Task brief: Your job is to copy the lines from the material that include "Honors".

Material for this task:

Start of Block

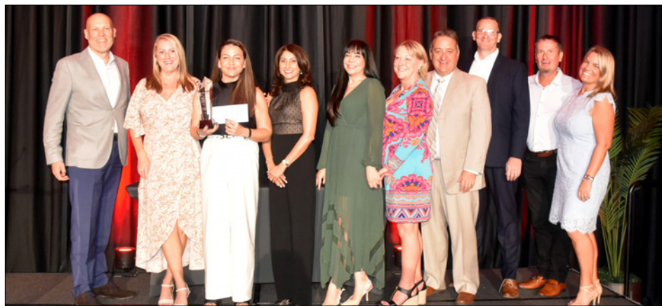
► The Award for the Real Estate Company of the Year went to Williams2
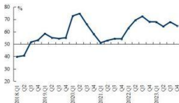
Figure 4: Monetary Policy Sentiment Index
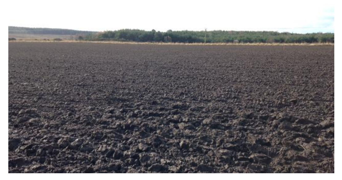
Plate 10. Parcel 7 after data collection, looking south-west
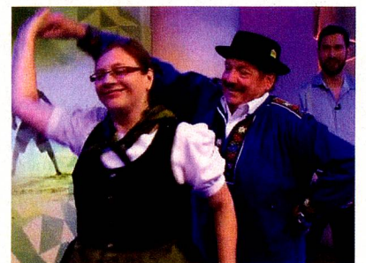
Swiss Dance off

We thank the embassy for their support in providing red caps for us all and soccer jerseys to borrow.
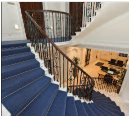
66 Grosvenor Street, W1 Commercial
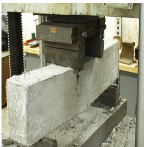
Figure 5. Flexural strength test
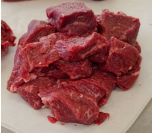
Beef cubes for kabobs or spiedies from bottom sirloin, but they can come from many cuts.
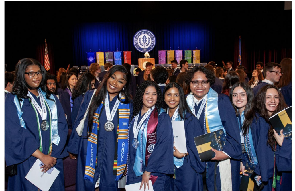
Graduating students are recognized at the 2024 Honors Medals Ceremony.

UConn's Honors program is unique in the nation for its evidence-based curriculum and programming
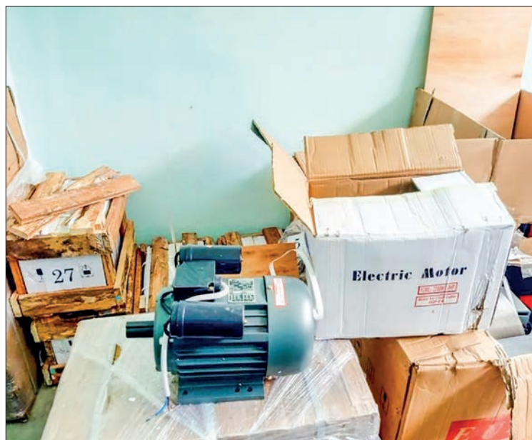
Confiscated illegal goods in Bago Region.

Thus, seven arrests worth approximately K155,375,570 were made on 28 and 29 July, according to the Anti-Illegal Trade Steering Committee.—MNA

End of Block
Start of Block

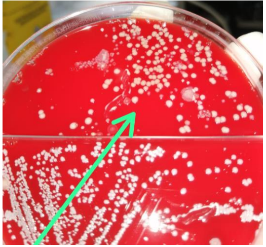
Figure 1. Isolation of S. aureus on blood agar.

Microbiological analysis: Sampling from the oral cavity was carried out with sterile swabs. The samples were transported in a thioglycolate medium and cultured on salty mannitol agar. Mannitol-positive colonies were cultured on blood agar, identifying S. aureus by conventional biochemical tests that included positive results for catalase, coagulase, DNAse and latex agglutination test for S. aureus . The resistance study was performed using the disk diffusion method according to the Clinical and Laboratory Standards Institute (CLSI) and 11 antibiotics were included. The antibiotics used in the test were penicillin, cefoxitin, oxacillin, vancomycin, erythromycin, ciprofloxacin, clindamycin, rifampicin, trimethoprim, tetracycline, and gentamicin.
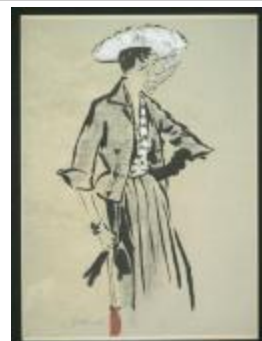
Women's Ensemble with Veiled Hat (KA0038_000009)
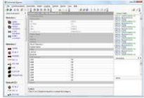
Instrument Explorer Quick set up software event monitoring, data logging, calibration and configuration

End of Block
Start of Block

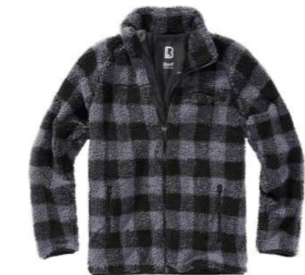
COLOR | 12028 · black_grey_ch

End of Block

Answer section:
Graduating students are recognized at the 2024 Honors Medals Ceremony.
UConn's Honors program is unique in the nation for its evidence-based curriculum and programming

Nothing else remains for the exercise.